Generates a dot plot after CellPhoneDB analysis via specifying the query celltypes and genes. The difference compared to the original cellphonedb plot is that this is totally customizable!
The plotting is largely determined by the format of the meta file provided to CellPhoneDB analysis.
For the split.by option to work, the annotation in the meta file must be defined in the following format:
{split.by}_{idents}
so to set up an example vector, it would be something like:
annotation <- paste0(kidneyimmune$Experiment, '_', kidneyimmune$celltype)

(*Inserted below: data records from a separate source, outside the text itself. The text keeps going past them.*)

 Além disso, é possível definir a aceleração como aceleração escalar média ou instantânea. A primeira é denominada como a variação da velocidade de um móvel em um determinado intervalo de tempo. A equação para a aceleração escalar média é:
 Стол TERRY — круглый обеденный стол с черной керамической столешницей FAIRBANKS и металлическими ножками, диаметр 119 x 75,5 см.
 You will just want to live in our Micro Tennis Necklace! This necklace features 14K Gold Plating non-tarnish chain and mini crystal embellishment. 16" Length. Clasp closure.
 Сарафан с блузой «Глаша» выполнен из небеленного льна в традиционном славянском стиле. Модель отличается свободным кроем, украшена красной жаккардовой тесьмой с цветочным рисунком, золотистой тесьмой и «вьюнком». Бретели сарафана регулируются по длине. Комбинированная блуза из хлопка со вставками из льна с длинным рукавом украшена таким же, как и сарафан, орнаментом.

To run, you will need to load in the means.txt and pvals.txt from the analysis. If you are using results from cellphonedb version 3, the pvalues.txt is relevant_interactions.txt and also add version3 = TRUE into all the functions below.

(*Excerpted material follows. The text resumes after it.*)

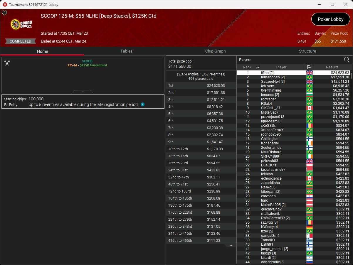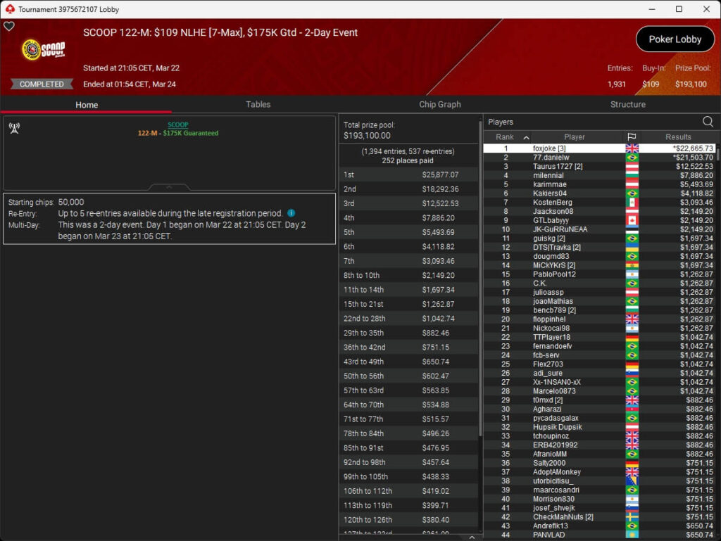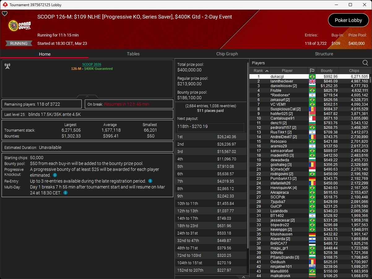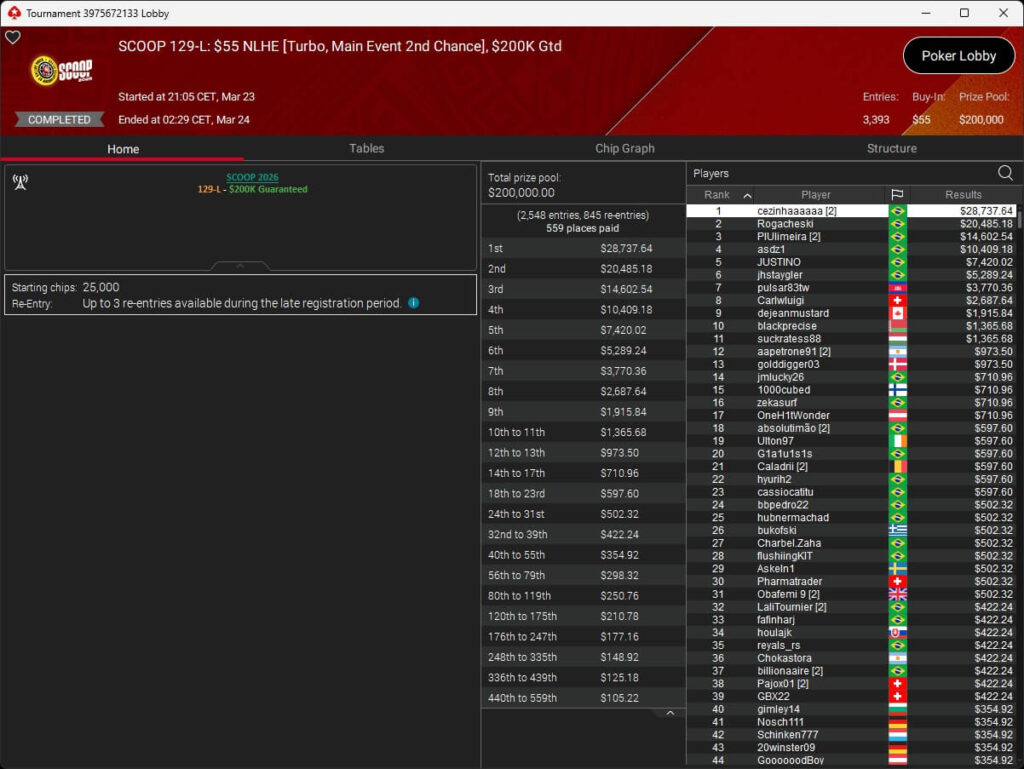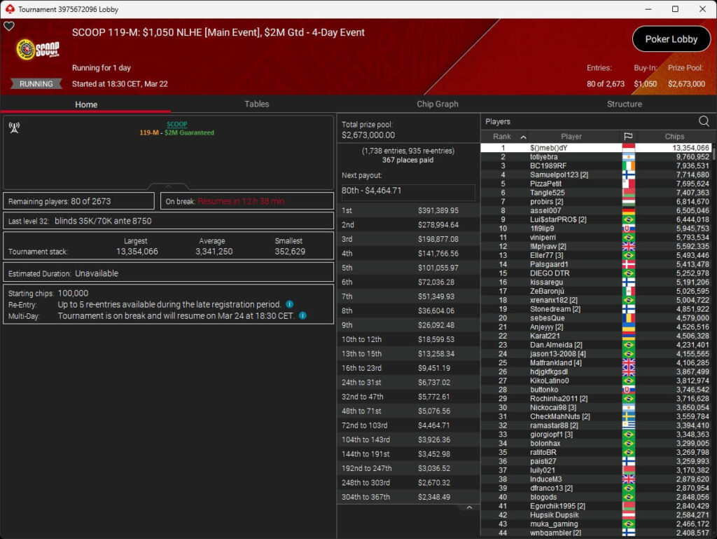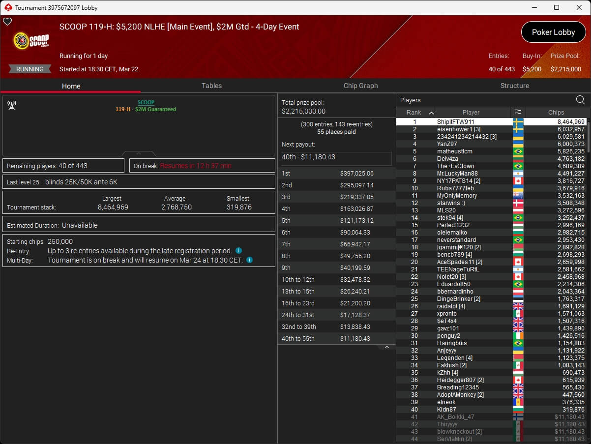 Erst am Samstag verbuchte Patrick Leonard zwei Titel auf PokerStars und schraubte seine Bilanz auf insgesamt 15 SCOOP-Siege. Mit dem Titel im $530 Sunday Warm-Up baute der Brite diesen Rekord nun aus. Dazu kommen weitere 13 WCOOP-Titel, sodass der Grinder nun auf insgesamt 29 COOP-Siege kommt.

# pvals <- read.delim("pvalues.txt", check.names = FALSE)
# means <- read.delim("means.txt", check.names = FALSE)
# I've provided an example dataset
data(cpdb_output)
plot_cpdb(cell_type1 = 'B cell', cell_type2 = 'CD4T cell', scdata = kidneyimmune,
idents = 'celltype', # column name where the cell ids are located in the metadata
split.by = 'Experiment', # column name where the grouping column is. Optional.
means = means, pvals = pvals,
genes = c("XCR1", "CXCL10", "CCL5")) +
small_axis(fontsize = 3) + small_grid() + small_guide() + small_legend(fontsize = 2) # some helper functions included in ktplots to help with the plotting
plot_cpdb(cell_type1 = 'B cell', cell_type2 = 'CD4T cell', scdata = kidneyimmune,
idents = 'celltype', means = means, pvals = pvals, split.by = 'Experiment',
gene.family = 'chemokines') + small_guide() + small_axis() + small_legend(keysize=.5)

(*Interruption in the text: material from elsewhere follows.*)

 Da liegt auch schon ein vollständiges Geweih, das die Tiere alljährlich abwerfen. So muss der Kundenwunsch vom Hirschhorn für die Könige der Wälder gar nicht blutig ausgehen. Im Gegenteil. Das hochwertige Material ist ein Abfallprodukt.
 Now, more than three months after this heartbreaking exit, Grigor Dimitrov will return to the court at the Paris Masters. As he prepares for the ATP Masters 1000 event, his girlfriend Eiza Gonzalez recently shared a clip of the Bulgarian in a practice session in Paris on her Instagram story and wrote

plot_cpdb(cell_type1 = 'B cell', cell_type2 = 'CD4T cell', scdata = kidneyimmune,
idents = 'celltype', means = means, pvals = pvals, split.by = 'Experiment',
gene.family = 'chemokines', col_option = "maroon", highlight = "blue") + small_guide() + small_axis() + small_legend(keysize=.5)
plot_cpdb(cell_type1 = 'B cell', cell_type2 = 'CD4T cell', scdata = kidneyimmune,
idents = 'celltype', means = means, pvals = pvals, split.by = 'Experiment',
gene.family = 'chemokines', col_option = viridis::cividis(50)) + small_guide() + small_axis() + small_legend(keysize=.5)
plot_cpdb(cell_type1 = 'B cell', cell_type2 = 'CD4T cell', scdata = kidneyimmune,
idents = 'celltype', means = means, pvals = pvals, split.by = 'Experiment',
gene.family = 'chemokines', noir = TRUE) + small_guide() + small_axis() + small_legend(keysize=.5)
plot_cpdb(cell_type1 = 'B cell', cell_type2 = 'CD4T cell', scdata = kidneyimmune,
idents = 'celltype', means = means, pvals = pvals, split.by = 'Experiment',
gene.family = 'chemokines', default_style = FALSE) + small_guide() + small_axis() + small_legend(keysize=.5)
plot_cpdb2
library(ktplots)
data(kidneyimmune)
data(cpdb_output2)
sce <- Seurat::as.SingleCellExperiment(kidneyimmune)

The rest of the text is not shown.